Once Evergreen State College and now the Western World Part 2

Just 2 days after my previous post about how the microscopic events at Evergreen State College were forbearing about the macroscopic world we find ourselves, the original whistleblowers at Evergreen, Brett Weinstein and his wife Heather Heying (as a matter of hours ago) presented their 22nd Darkhorse podcast breaking down the connection between the dystopian events at Evergreen and what we see taking place in the world today.

As alluded to in other posts I was drawn to Brett and Heather’s quarantine podcasts as a form of sanctuary during this highly unstable period. This 22nd podcast I consider their most illuminating including the subsequent Q&A session. Some of the most engaging parts entailed:

1. Their realization (and Heather’s quotes from the literary classic ‘1984’) that we are seeing a Dystopian reality reminiscent of Orwell’s coming into fruition.
2. Brett’s mentioning how people have to stand up and be on the right side of history. The ones who begrudgingly appease this post modernist movement are just externalizing harm for those next in line who will feel compelled to join the ‘larger’ mob.
3. Brett takes aim at Ezra Kline for not doing this which I did in 2018 in my post titled – Ezra Kelin, a rational or irrational lefty?.  Someone wrote in their comments:
they don’t really mean all that, they’re really intent on something more moderate -Ezra Klein 2017/Neville Chamberlain 1938
4. Their repulsion about Science magazine publishing and enacting on ‘ShutDownSTEM’ in support of this movement. The attack on STEM seems to be in large part down to the postmodernist concept of Subjective Truth, but this is completely at odds with Enlightenment Science.
5. Brett and Heather’s personal experience relating to the fruitfulness of Jewish culture in the Q&A session, which I have also linked below is about as insightful as anything I’ve heard about culture in my adult life.
6. They expand on their views about the 1619 project which I also commented on in the Glenn Loury podcast.
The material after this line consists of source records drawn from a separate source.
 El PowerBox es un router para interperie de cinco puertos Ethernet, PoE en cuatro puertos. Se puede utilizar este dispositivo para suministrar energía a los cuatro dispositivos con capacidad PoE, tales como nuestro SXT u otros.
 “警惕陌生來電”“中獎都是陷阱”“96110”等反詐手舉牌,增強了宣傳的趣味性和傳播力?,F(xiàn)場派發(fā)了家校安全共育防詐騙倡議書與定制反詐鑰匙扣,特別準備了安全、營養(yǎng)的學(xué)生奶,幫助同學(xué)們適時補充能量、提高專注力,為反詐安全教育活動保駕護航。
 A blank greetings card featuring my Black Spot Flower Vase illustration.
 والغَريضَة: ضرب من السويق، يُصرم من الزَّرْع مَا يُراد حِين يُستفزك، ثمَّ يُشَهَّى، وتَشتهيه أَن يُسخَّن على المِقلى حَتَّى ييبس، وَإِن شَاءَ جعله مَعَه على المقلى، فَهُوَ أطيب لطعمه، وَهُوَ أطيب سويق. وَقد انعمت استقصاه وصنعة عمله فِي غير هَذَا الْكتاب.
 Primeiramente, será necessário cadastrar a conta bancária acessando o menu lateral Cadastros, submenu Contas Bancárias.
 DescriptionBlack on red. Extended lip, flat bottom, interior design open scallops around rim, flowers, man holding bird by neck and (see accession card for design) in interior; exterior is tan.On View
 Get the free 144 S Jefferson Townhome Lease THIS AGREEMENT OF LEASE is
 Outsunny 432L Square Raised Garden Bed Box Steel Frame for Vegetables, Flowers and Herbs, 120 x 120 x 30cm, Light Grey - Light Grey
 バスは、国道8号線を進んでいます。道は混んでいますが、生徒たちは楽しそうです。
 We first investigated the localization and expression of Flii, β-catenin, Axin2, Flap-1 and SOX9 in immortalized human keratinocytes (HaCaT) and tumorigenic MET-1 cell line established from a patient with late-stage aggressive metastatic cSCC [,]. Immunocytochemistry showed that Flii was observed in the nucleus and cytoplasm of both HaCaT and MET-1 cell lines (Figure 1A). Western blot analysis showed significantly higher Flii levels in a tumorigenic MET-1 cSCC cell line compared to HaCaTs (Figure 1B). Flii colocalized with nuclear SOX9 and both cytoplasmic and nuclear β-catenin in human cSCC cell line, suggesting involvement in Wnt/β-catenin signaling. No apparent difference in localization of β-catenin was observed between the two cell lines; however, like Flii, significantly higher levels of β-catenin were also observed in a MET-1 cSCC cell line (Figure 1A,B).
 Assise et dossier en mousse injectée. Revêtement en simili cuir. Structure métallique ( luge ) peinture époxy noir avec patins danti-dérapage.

There are many other aspects about the broader topic broached which I found tantalizing to the ear and I haven’t got time to outline here. But, if I had to count on one hand the most important podcasts I have ever heard since the inception of the internet, this one would most definitely be included. I hope you enjoy it if you haven’t already seen it and please don’t hesitate to tell me your take on it.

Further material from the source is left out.